Café Ambassador Supports Minneapolis Community Amid Unrest

Justin Beumer helped distribute food and supplies to residents cut off from essential services

With watery eyes and a languished spirit, Justin Beumer sat down with his seven-year-old son to explain the unthinkable. 

Wilted with hopelessness after seeing police brutality take the life of George Floyd in Minneapolis — just 70 miles from his hometown of St. Cloud — Beumer choked up as he tried to discuss what had transpired just down the road from his family. 

As local businesses were left in ruin following the unrest, Beumer posted online and asked his friends for opportunities to volunteer or donate. Urged by a friend to join him in the city to hand out water bottles to those in need, Beumer closed his laptop computer and grabbed his keys. 

Bound for North Minneapolis, Beumer would soon find the place where he’d spend his weekends for the next month.

“I didn’t want to sit there and be sad,” Beumer said. “I wanted to do something. You’re sick of seeing it but you can’t tune it out.”

What started as an impromptu movement quickly gave way to an organized effort led by a group of volunteers in the North Minneapolis community.

Beumer joined hundreds of volunteers to distribute food and supplies to communities cut off from buying essential goods as a result of local businesses being shuttered, damaged or looted.

“From the moment I got there, there were cars lined up and down the street full of supplies,” Beumer said. “It was an outpouring of love and support and the community came together through this call to action.”

Beumer worked with local and regional volunteers to handle the collection of donated canned goods and coordinate grocery runs for specific needs. Soon after, that group filled an entire church with supplies. They then moved across the street and packed another building with essential goods. Suddenly, this over-pouring support from those in the community left the volunteers so inundated with supplies that they were able to fill a U-Haul with additional supplies to put in storage.

“It really just brought back a sense of humanity, a sense of community,” Beumer said. “There’s all of this bad stuff going on, all of this negative publicity surrounding everything, but here are all of these people showing up and giving back.”

The Wheel Keeps Turning

After his first arduous day of lifting and moving boxes of supplies, Beumer found himself nursing aches and pains the next morning. Brushing off a fleeting thought of taking the day off to relax, Beumer got back behind the wheel and took off for the same spot. 

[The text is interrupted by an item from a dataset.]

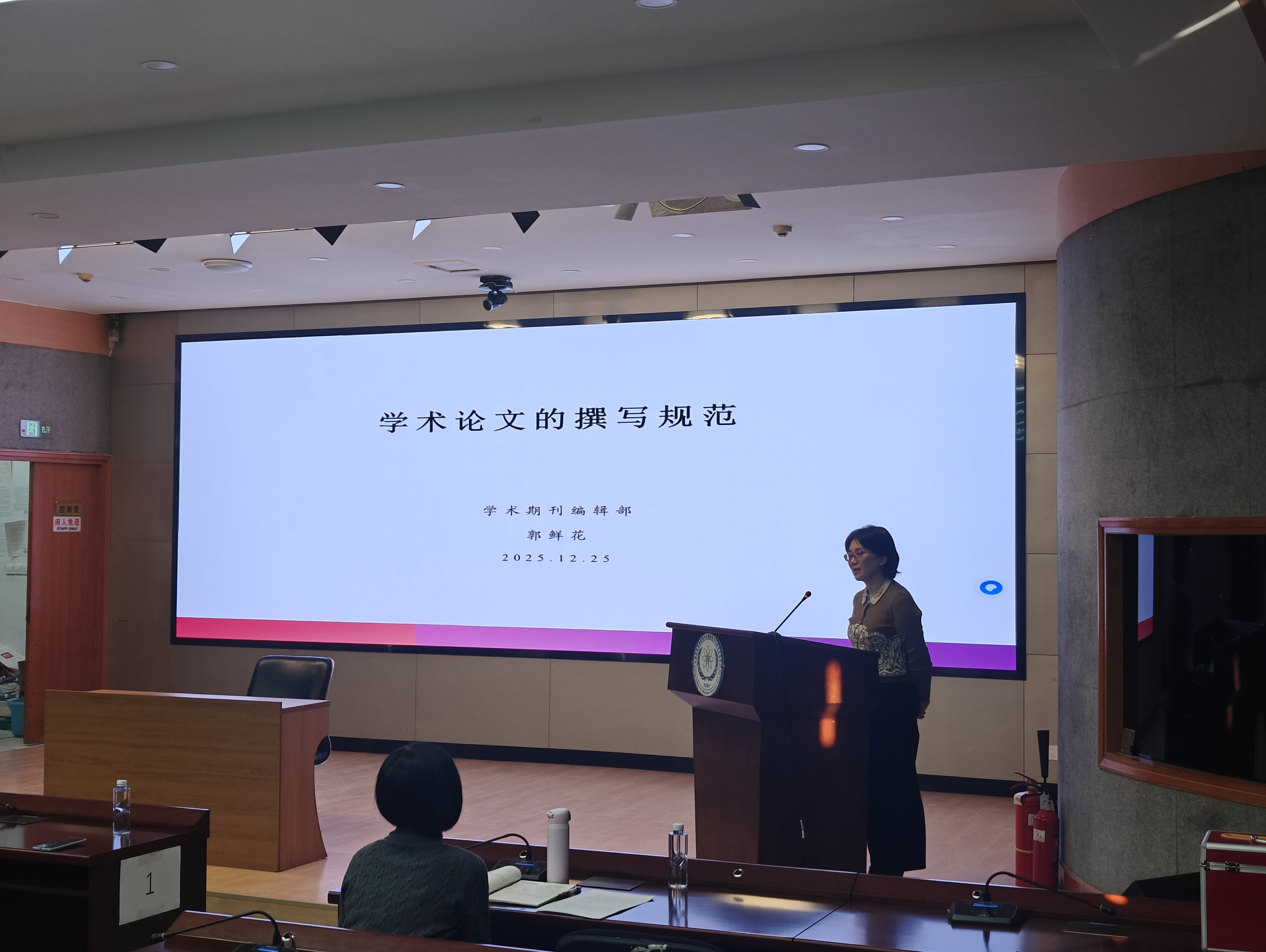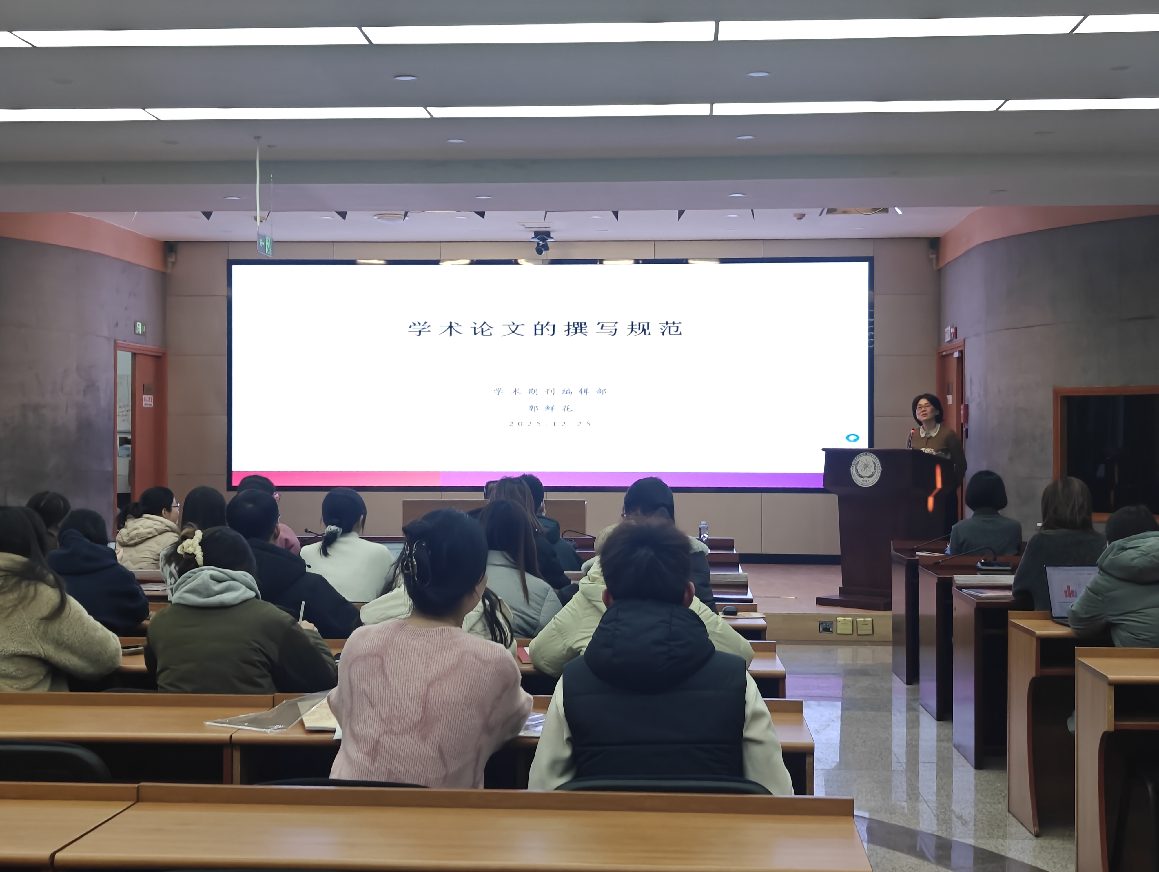 本次讲座邀请本所学术期刊编辑部郭鲜花主任主讲,郭主任以《学术论文撰写规范》为题,系统梳理学术论文撰写全流程要点,重点围绕目标期刊选择、论文结构框架搭建、语言文字与符号规范、学术诚信与合规要求等核心内容展开详细讲解。同时,结合本所主办的《中华放射医学与防护杂志》及英文期刊《Radiation Medicine and Protection》的具体投稿要求,针对性解读辐射防护领域专业术语的规范使用要点及论文撰写过程中易出现的共性问题与常见错误,现场同学们积极参与互动,交流氛围活跃。

“I just thought to myself, man, what a privileged life I have to even be able to think about not doing anything,” Beumer said. 

Each Saturday and Sunday for the next five weeks, Beumer would partner with local community members to deliver goods to the front doors of families throughout different neighborhoods in the area. As a safety protocol to protect from the spread of COVID-19, all volunteers wore masks, which reminded Beumer of just how selfless the work being done truly was.

“I was working side-by-side with people and I knew I was never going to know who they were because of their masks — even if I saw them walking down the street,” Beumer said. “We sat there exchanging sweat for hours in the middle of hot days all just to give back to this community and to help a greater cause than ourselves.”

While currently a Capital One Café ambassador, Beumer was formerly employed at our St. Cloud Café and even saw his coworkers from Minneapolis join him at the site. 

“He put a challenge out there right away,” says Lloyd Keli, lead of Capital One’s Minnesota VOICES chapter — a internal business resource group that serves as a catalyst for progressive change and a voice for Black associates and allies. “He went out there that first weekend and saw the need of families and businesses, and took the lead in figuring out the logistics of how we could help. That’s just who Justin is.”

Keli joined in during Beumer’s third weekend of helping out and returned each of the next two weekends. “They were feeling the same way as me, but that pain and confusion turned into a sense of purpose,” Beumer said. 

As a part of our $10 million pledge to social justice for Black communities, Capital One contributed funding and supplies to this effort to assist communities in North Minneapolis. 

While Beumer is proud of the outpouring demand for social justice in recent months, he believes this work has just begun. “It's up to us all to step to the plate and make that happen and try to be some of the leaders of change,” Beumer said.